Item #1758 [KUSTODIEV] Kustodiev v teatre [i.e. Kustodiev in Theater]. A. Bartoshevich.
[KUSTODIEV] Kustodiev v teatre [i.e. Kustodiev in Theater]
[KUSTODIEV] Kustodiev v teatre [i.e. Kustodiev in Theater]
[KUSTODIEV] Kustodiev v teatre [i.e. Kustodiev in Theater]

[KUSTODIEV] Kustodiev v teatre [i.e. Kustodiev in Theater]

Item #1758

Leningrad: Izd. OSTI, 1927. 48 pp.: ill., 1 portrait. 18x13,5 cm. In original printed wrappers with logo of publisher. Covers slightly faded and worn, signature on t.p., otherwise very good and clean.
One of 1200 copies.

First book on Boris Kustodiev’s stage designs.
Theater critic Andrei Bartoshevich (1899-1949) was preparing the book during Kustodiev’s lifetime, but the book was released posthumously. Boris Kustodiev (1878-1927) became known as a book illustrator, a stage designer and a painter of Russian merchant culture. The monograph distinguishes three stages of his art: 1) an academic period finished with his graduate painting “Village Bazaar” (1903), 2) release from borrowed academic practices, and 3) turning to theatrical design in 1913-1914. Since the childhood, Kustodiev was strongly influenced by folk performances and was looking for similar synthetic art in professional theater.

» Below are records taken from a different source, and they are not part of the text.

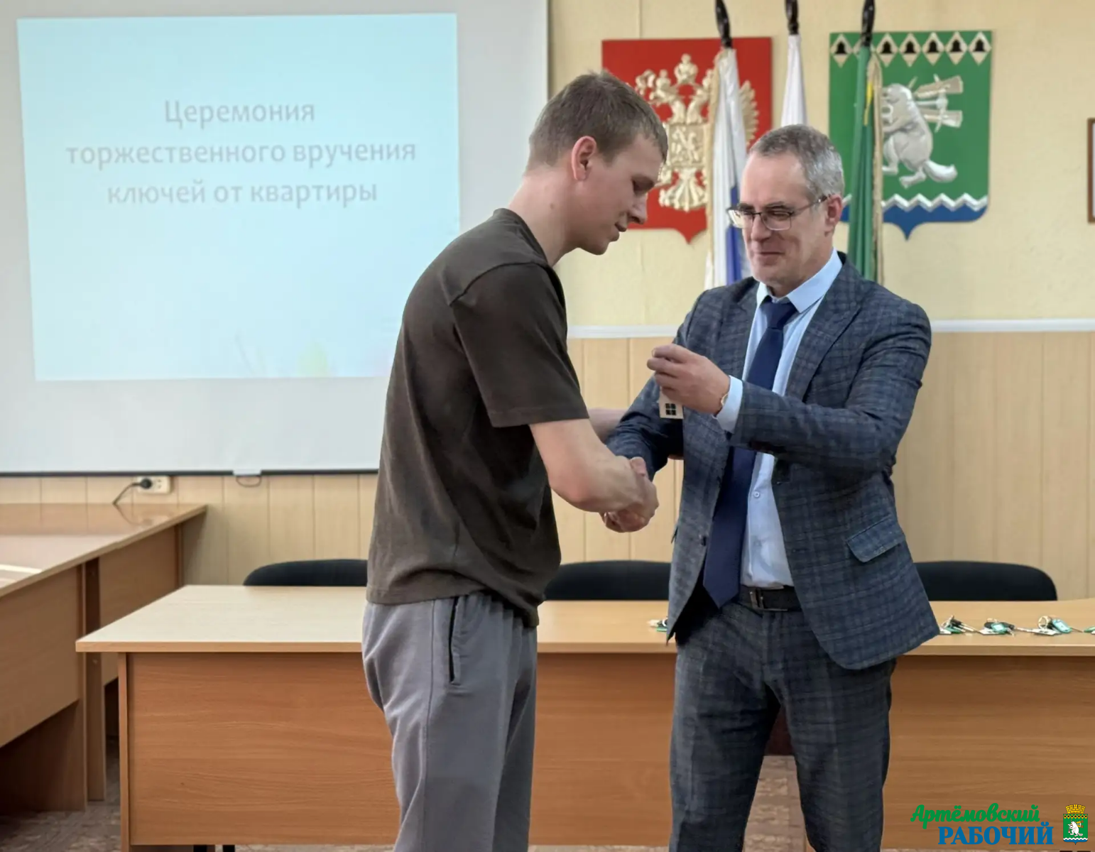 Сегодня глава Артемовского муниципального округа Андрей Клименко и заместитель начальника Управления социальной политики №2 Светлана Харченко торжественно вручили ключи от квартир детям-сиротам и детям, оставшимся без попечения родителей. 16 человек смогут отметить новоселье уже в ближайшие дни.
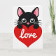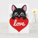 Cute Black Cat Love Heart Card
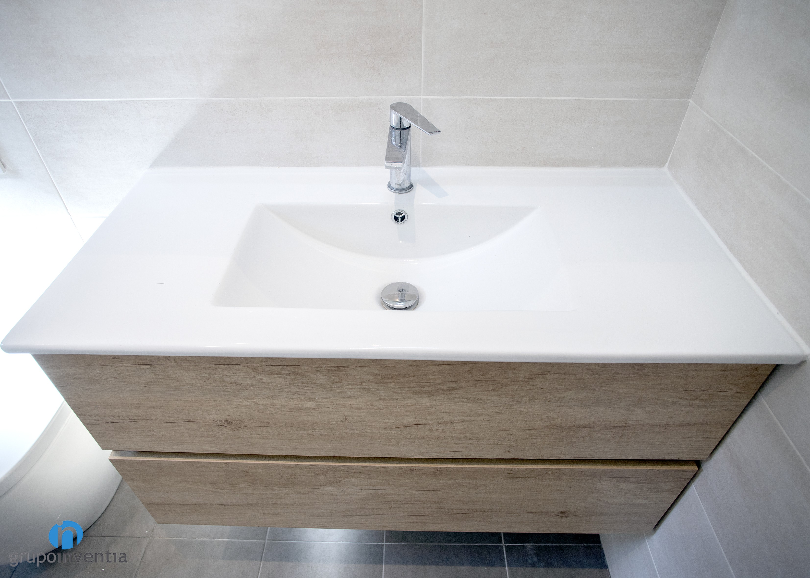 Quant a l’equipament sanitari, es tracta d’un bany de tres peces compost per un lavabo amb moble d’emmagatzematge incorporat, un vàter i una àmplia dutxa. En definitiva, un equip que ofereix les millors prestacions i funcionalitat en el seu ús.
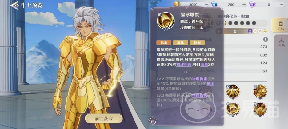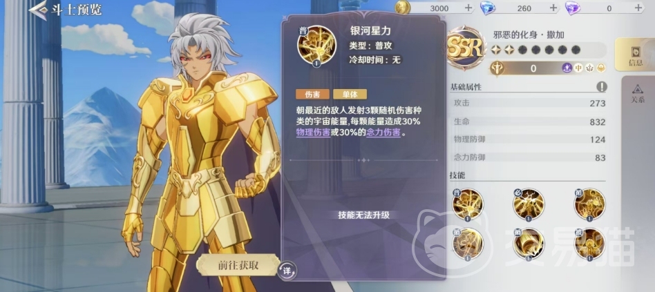 邪恶的化身撒加作为一个SSR品质的角色,有着强大的攻击力和控制能力,也是很多队伍当中的核心战力角色,他不仅拥有能够对敌人造成重大伤害的技能,而且具有控制战场的能力,撒加的普通攻击叫做银河星力,能够朝最近的敌人发射3颗随机伤害种类的宇宙能量,每颗能量造成30%物理伤害或30%的念力伤害,这个技能虽然简单但非常实用,能快速累积对敌人的伤害,而且就是能量伤害类型的技能。
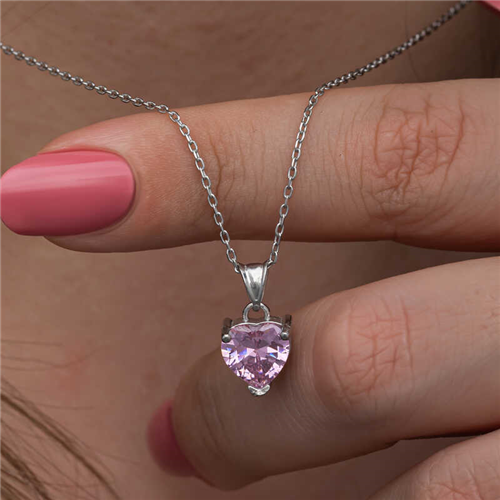 Silver Pink Stone Heart Women's Necklace Let your love come to life on the skin of the woman you love with the heart necklace model that expresses love with its heart pattern. Adorn your loved one with love with this heart women's necklace that young lovers and those who feel young can choose on special occasions. A heart patterned necklace that your loved ones will enjoy wearing as much as you do will be one of the best gifts for your loved one. The heart women's necklace is made of 925 sterling silver. Rhodium plated silver. Rhodium plated silver women's heart necklaces preserve their shine for a long time and oxidation is delayed. The stone on the necklace is zircon. The average silver chain length is 50 cm. Like all women's necklaces, the silver pink stone heart women's necklace is also handmade. Due to silver and precious stones, there may be a ± 10% deviation in the average product weight. Necklace Width: 0.90 cm Necklace Length: 1.10 cm Chain Length: 50 cm Average Weight: 2.90 gr
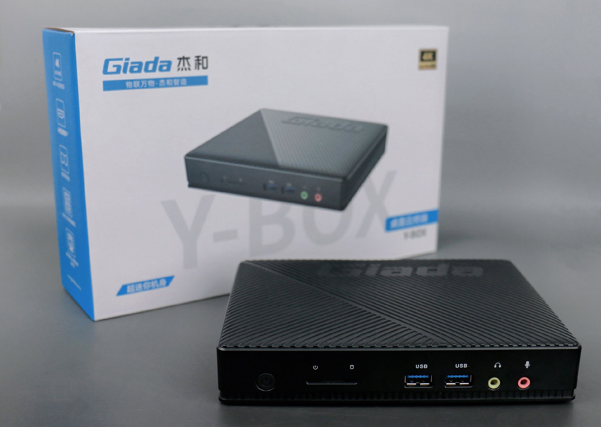 CA88(中国区)桌面云终端Y-BOX S2采用全新外观ID设计,主盖采用黑色哑光栅格,顶部刻印CA88(中国区)Giada品牌名,磨砂塑胶材质,高质感更轻盈。外包装采用简洁商务的风格设计,以CA88(中国区)蓝的配色作为点缀,内部采用严实防震的珍珠泡棉保护主机,同时,内部配备适配器、AC线、天线棒、螺丝包,满足通用需求。
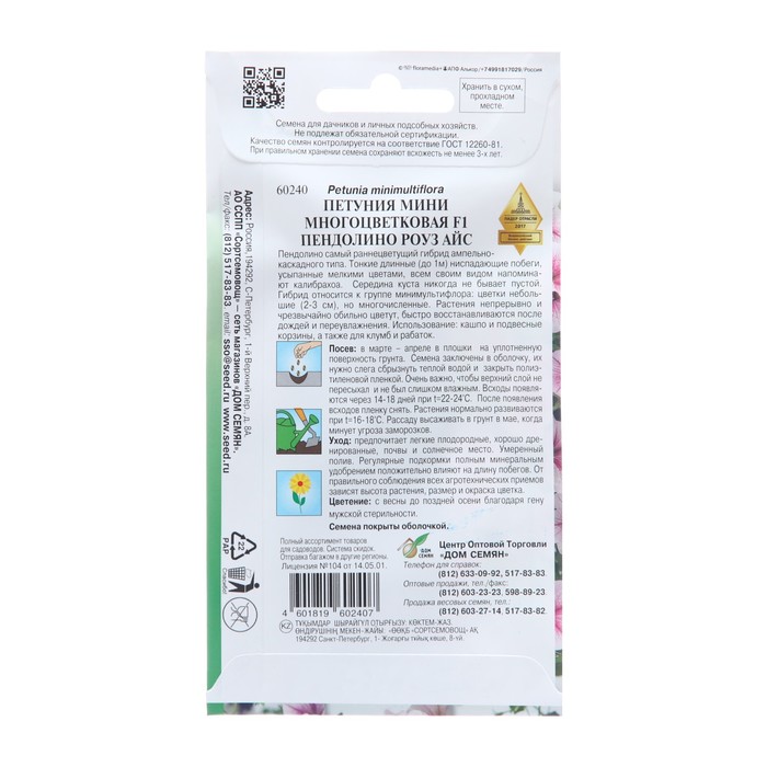 Семена цветов Петуния мини многоцветковая "Пендолино Роуз Айс F1" F, 5 шт

He embarked on the stage design relatively late. He debuted with Ostrovsky’s merchant play “Storm” at the Komissarzhevskaya Theater in 1911. Soon he
started to work at the Moscow Art Theater led by Stanislavski and Nemirovich-Danchenko. After the Revolution, he contributed to performances at the Moscow Bolshoi Theater, Maly Theater and
Mariinsky Theater in St Petersburg, Pskov Theater. He won everyone with designing the play “Flea” based on Leskov’s tale for MKhT-2. As director Dikii recalled, “After all, we thought of “Flea” as a farcical performance, a lubok, for some reason arrogantly abandoned in our time. <...> It was decided to ask B. Kustodiev, then already sick, half paralyzed, who lived permanently in Leningrad.
When the box [with sketches] was opened, everyone admiringly gasped. It was so vivid, so precise, that my role as the director who accepted the sketches was reduced to zero – I had nothing to correct or reject”. The book contains a black-and-white photo of production that gives no color but shows a variety of patterns collected on the stage.
Then Kustodiev “went a long way towards expressionism, stopping at a respectful distance from it”. It is seen in his last works: “Wolves and Sheep” (1927) at the Leningrad Academic Drama Theater and “Pigeons and Hussars” (1927) at Moscow Maly Theater. Three photographs of the production “Wolves and Sheep” complement the text.
The book ends with a list of theatrical works by Kustodiev that consists of 25 performances. Apart from photographs, some paintings and a self-portrait are published.

Worldcat shows copies located in Columbia, Harvard, Princeton, California Universities, NYPL.